MGM had purchased the rights to Robbins' short story, Spurs, in the 1920s at Browning's urging. In June 1932, MGM production supervisor, Irving Thalberg, offered Browning the opportunity to direct Arsène Lupin with John Barrymore. Browning declined, preferring to develop Freaks, a project he had started as early as 1927. Screenwriters Willis Goldbeck and Elliott Clawson were assigned to the project at Browning's request. Leon Gordon, Edgar Allan Woolf, Al Boasberg and an uncredited Charles MacArthur would also contribute to the script. The script was shaped over five months. Little of the original story was retained beyond the marriage between a midget and an average-sized woman and their wedding feast.

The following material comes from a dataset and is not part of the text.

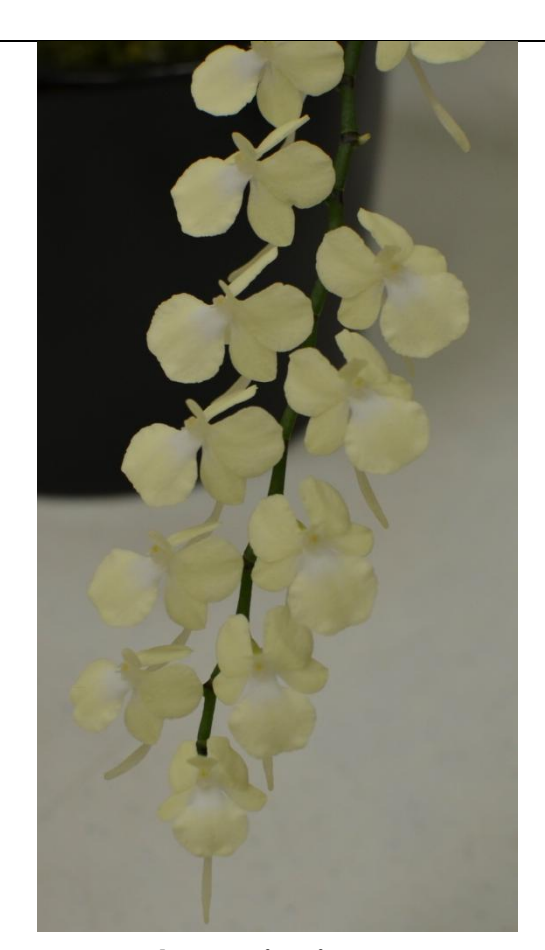
Aerangis citrata Chaunie Langland

Myrna Loy was initially slated to star as Cleopatra, with Jean Harlow as Venus. Ultimately, Thalberg decided not to cast any major stars in the picture.

Freaks began filming in October 1931 and was completed in December. Following disastrous test screenings in January 1932 (one woman threatened to sue MGM, claiming the film had caused her to suffer a miscarriage), the studio cut the picture down from its original 90-minute running time to just over an hour. Much of the sequence of the freaks attacking Cleopatra, as she lay under a tree, was removed, as well as a gruesome sequence showing Hercules being castrated, a number of comedy sequences, and most of the film's original epilogue. A new prologue featuring a carnival barker was added, as was the new epilogue featuring the reconciliation of the tiny lovers. This shortened version—now only 64 minutes long—had its premiere at the Fox Criterion in Los Angeles on February 20, 1932.